Но всё же простые граждане в результате кампании борьбы за «социалистическую законность» стали лучше осознавать свои права. Несомненно, что теперь закон защищал их лучше, чем при Сталине. Нет сомнений и в том, что теперь и закон, и общественные нравы исключали террор как средство консолидации общества. Всё это сделало манипулирование законом для властей затруднительным — подробнее мы поговорим об этом в 14-й главе.

В своей социальной политике Хрущёв пытался заработать политические очки. Он старался направить энергию народа на производство, избавиться от тех крайних форм насилия, что применялись при Сталине, и хоть как-то смягчить ту абсолютную бедность, которая была до 1953 г. нормой существования. Так, например, уголовная ответственность более не угрожала рабочим за прогулы и добровольное увольнение с работы, т.е. они обрели большую степень свободы в поисках подходящих для них условий труда и оплаты. Были значительно усилены и меры социальной защиты населения: в стране, где после войны осталось так много инвалидов, сирот и полусирот, это было особенно важно.

Страшная жилищная проблема также, по крайней мере, начала решаться. С середины 1950-х гг. большинство советских городов было окружено лесом башенных кранов и морем строительных площадок, где возводились блочные дома. Это давало людям надежду когда-нибудь вырваться из чудовищной скученности коммуналок. Между 1955 и 1964 гг. национальный жилищный фонд вырос почти в два раза — с 640 до 1184 млн. кв.м. Кроме той жилплощади, что строилась на средства местных предприятий и советов, была и та, что возводилась на деньги рядовых граждан, которые теперь получили право вступать в жилищные кооперативы. При этом следовало внести сумму, составляющую 15–30% стоимости жилья, после чего, уже вселившись в квартиру, люди платили оставшуюся часть при фантастически низкой ставке в 0.5%. Люди с высшим образованием могли легче, чем простые рабочие, выплатить вступительный взнос. К тому же кооперативы часто организовывались профессиональными ассоциациями того или иного рода. Таким образом, обладание квартирой в кооперативном доме стало в некотором смысле знаком промежуточного социального положения — между привилегированной элитой, которой кооперативы не были нужны, и простыми рабочими, которые в смысле жилья зависели от работодателей или местных советов. Советское общество стало расслаиваться и приобретать новые измерения.

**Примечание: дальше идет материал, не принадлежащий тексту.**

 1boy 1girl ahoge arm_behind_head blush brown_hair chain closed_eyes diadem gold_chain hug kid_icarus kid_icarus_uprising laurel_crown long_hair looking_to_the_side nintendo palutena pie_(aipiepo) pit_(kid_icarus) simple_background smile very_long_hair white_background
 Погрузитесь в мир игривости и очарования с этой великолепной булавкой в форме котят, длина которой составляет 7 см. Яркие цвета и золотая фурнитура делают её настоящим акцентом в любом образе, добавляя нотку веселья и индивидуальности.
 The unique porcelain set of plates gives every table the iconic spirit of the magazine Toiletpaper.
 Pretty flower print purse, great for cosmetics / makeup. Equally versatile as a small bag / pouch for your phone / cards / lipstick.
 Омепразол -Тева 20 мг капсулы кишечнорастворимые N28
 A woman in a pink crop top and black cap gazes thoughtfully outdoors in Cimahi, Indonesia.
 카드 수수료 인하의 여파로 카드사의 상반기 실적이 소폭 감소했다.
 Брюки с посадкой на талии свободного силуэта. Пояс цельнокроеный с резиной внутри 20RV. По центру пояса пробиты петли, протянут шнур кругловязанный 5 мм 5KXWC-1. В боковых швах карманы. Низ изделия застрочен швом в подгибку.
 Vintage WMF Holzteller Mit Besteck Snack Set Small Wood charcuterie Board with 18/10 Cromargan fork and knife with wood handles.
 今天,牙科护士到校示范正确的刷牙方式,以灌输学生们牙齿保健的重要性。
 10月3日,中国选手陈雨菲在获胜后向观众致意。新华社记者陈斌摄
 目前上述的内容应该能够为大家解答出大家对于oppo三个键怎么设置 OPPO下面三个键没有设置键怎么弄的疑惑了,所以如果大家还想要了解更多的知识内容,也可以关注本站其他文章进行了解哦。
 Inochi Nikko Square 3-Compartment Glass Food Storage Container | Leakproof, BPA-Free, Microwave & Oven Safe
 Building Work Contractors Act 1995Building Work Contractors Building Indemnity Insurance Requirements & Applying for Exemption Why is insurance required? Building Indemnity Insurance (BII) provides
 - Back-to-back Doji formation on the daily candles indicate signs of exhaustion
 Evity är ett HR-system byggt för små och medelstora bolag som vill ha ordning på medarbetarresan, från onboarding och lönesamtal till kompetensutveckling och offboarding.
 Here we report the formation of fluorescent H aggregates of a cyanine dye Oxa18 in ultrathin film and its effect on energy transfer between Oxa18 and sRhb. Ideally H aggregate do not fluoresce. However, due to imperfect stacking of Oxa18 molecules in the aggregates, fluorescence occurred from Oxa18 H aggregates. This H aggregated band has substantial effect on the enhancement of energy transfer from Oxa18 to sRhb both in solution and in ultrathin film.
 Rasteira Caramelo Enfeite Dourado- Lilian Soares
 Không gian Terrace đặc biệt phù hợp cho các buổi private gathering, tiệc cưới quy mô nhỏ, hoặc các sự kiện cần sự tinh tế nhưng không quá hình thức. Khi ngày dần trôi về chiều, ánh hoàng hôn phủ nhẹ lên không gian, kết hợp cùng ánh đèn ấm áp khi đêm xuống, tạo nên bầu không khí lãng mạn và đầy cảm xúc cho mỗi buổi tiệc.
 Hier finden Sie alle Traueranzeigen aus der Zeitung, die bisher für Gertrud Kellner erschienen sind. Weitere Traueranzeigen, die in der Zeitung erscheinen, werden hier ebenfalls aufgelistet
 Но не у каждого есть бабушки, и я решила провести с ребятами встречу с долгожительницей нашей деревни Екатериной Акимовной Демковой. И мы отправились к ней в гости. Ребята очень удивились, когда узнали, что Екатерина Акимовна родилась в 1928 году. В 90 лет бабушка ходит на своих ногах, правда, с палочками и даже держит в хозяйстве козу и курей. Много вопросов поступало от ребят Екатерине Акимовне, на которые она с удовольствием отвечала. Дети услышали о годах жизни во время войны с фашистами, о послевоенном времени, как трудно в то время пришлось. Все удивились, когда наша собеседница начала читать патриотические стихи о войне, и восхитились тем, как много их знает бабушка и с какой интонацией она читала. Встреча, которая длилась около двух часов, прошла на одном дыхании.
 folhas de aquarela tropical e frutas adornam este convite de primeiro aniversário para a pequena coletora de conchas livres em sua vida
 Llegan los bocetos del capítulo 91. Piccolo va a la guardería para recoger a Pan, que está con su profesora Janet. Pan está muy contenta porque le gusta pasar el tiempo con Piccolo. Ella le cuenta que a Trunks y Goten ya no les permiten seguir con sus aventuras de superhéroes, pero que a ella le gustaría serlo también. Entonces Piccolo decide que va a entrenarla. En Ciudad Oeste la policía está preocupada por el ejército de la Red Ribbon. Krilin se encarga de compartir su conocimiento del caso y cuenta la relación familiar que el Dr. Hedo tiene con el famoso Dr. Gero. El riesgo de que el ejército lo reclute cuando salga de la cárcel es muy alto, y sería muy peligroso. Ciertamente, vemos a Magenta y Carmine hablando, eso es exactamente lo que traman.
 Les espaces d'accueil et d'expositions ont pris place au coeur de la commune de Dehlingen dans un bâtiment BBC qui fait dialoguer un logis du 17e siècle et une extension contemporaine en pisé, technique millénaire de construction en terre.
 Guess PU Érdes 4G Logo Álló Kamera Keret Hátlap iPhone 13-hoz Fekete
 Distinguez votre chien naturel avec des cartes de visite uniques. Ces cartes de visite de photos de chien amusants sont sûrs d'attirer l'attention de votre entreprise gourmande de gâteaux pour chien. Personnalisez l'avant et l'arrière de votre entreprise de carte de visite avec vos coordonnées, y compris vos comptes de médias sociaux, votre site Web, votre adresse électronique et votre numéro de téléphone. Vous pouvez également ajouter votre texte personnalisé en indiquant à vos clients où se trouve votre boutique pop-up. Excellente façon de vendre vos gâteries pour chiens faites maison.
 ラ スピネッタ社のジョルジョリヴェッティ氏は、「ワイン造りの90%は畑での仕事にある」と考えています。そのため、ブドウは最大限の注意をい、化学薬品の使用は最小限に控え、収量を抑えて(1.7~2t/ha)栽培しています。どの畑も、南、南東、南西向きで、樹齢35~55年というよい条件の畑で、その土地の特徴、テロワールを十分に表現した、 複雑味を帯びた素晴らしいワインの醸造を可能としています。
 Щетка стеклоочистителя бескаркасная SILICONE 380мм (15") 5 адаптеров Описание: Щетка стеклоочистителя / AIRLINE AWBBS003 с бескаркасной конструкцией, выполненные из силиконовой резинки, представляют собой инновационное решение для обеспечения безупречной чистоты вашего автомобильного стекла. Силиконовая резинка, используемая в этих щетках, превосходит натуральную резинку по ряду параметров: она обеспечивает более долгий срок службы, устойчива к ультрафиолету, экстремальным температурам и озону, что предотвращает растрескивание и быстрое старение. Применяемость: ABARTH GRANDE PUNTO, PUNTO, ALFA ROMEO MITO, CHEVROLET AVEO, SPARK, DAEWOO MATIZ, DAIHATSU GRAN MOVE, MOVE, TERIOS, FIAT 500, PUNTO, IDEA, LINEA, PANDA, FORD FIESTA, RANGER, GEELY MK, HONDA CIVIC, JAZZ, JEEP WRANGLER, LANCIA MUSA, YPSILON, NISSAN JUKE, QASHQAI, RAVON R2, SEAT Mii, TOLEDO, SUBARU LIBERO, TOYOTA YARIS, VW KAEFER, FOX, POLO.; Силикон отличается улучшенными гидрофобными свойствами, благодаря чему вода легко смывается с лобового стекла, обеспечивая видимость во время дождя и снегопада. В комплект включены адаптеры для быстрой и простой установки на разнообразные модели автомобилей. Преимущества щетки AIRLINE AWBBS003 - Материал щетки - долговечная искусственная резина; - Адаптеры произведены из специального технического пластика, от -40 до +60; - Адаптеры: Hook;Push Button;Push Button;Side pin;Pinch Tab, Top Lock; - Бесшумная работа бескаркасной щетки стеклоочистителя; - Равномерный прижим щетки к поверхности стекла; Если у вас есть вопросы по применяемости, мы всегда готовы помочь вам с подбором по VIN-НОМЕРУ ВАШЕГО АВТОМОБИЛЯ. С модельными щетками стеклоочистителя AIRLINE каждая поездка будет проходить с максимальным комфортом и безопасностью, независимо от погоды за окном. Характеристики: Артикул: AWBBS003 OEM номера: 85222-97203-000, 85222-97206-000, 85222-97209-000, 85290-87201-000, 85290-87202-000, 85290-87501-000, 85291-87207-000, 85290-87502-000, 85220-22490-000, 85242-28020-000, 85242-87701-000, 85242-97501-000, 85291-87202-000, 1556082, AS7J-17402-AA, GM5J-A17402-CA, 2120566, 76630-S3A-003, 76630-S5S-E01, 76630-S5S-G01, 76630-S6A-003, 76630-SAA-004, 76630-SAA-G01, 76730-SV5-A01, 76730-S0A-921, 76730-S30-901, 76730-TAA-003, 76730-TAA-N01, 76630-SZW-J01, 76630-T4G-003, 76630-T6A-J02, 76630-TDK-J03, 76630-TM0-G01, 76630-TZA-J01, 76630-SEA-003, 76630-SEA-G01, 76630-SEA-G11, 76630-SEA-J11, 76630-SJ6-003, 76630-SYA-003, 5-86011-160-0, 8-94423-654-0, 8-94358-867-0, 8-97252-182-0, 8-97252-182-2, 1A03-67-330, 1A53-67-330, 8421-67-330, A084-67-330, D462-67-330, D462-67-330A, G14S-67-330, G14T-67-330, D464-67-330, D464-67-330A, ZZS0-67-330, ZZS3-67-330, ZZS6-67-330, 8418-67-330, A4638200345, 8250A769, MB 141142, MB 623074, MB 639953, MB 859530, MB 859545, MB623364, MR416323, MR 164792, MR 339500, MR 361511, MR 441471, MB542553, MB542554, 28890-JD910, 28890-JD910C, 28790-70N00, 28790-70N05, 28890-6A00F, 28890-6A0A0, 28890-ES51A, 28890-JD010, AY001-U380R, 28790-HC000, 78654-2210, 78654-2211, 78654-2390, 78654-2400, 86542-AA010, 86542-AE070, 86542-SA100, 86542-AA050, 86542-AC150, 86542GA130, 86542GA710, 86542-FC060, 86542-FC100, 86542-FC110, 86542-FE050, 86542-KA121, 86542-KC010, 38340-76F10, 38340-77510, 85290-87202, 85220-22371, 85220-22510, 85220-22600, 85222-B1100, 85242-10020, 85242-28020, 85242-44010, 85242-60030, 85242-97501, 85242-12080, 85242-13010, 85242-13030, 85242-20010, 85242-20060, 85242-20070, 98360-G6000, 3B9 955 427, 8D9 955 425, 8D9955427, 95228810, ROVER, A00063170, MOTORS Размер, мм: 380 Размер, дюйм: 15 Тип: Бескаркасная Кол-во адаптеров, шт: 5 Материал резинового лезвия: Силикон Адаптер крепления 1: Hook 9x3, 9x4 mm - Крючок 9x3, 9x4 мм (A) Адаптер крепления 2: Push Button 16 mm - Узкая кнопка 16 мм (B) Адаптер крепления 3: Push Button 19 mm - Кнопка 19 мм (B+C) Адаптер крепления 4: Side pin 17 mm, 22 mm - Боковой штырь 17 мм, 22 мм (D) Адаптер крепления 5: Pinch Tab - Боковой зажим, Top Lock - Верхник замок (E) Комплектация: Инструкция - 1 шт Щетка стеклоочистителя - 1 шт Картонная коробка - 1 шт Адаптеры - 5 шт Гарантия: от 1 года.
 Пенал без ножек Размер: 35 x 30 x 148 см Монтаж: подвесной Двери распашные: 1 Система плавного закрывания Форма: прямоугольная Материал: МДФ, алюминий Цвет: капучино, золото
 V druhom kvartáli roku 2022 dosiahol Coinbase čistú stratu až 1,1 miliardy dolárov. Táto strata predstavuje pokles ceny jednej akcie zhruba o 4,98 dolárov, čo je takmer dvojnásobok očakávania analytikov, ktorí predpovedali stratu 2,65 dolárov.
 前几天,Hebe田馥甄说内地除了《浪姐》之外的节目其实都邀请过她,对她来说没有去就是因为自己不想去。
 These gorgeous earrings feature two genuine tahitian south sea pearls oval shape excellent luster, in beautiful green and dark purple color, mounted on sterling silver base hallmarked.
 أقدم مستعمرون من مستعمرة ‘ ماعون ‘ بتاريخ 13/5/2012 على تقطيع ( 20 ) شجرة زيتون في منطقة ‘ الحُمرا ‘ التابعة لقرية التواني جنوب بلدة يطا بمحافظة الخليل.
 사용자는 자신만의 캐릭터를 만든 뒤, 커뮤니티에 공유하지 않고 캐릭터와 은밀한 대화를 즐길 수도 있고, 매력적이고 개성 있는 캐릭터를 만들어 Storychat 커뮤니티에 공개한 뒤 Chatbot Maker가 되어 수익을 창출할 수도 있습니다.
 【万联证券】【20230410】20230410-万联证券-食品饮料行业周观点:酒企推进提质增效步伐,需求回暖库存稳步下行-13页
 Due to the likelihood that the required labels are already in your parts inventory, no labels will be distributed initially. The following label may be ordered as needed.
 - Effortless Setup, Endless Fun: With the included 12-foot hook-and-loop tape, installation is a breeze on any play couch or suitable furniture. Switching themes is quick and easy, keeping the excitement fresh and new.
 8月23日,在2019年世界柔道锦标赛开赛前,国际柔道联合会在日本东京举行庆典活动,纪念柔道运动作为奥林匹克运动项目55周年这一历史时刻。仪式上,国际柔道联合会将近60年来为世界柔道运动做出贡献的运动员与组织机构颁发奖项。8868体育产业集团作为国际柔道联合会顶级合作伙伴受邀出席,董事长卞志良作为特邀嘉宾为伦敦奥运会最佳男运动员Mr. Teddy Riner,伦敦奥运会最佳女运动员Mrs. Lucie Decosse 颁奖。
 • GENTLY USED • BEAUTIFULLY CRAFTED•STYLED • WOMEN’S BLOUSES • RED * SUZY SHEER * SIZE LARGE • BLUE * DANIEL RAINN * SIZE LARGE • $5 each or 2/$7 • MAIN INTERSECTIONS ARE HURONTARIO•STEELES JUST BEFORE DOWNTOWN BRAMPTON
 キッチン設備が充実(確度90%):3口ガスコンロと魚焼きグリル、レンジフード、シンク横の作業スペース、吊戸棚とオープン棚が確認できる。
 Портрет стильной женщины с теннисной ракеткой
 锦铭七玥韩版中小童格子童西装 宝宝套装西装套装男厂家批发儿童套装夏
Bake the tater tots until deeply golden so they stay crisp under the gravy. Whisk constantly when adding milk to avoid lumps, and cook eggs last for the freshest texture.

В сфере образования также были смягчены наиболее резкие формы неравенства благодаря решению отменить плату за высшее и среднее образование. Это помогало детям рабочих и крестьян более уверенно продвигаться по социальной лестнице. Хрущёв собирался пойти даже ещё дальше, изменив саму основу среднего образования: предполагалось упразднить старшие классы средней школы вообще, так что в пятнадцать лет все школьники должны были заняться физическим трудом. Те, кто хотел продолжить своё образование, должны учиться в вечерних школах, и через два года, пройдя практическую подготовку, получить право поступать в высшие учебные заведения. Таким образом Хрущёв рассчитывал свести на нет те преимущества, которые от рождения получали дети лиц с высшим образованием, и побудить как можно большее число молодых людей избирать квалифицированные рабочие специальности — в этих профессиях экономика нуждалась особенно остро.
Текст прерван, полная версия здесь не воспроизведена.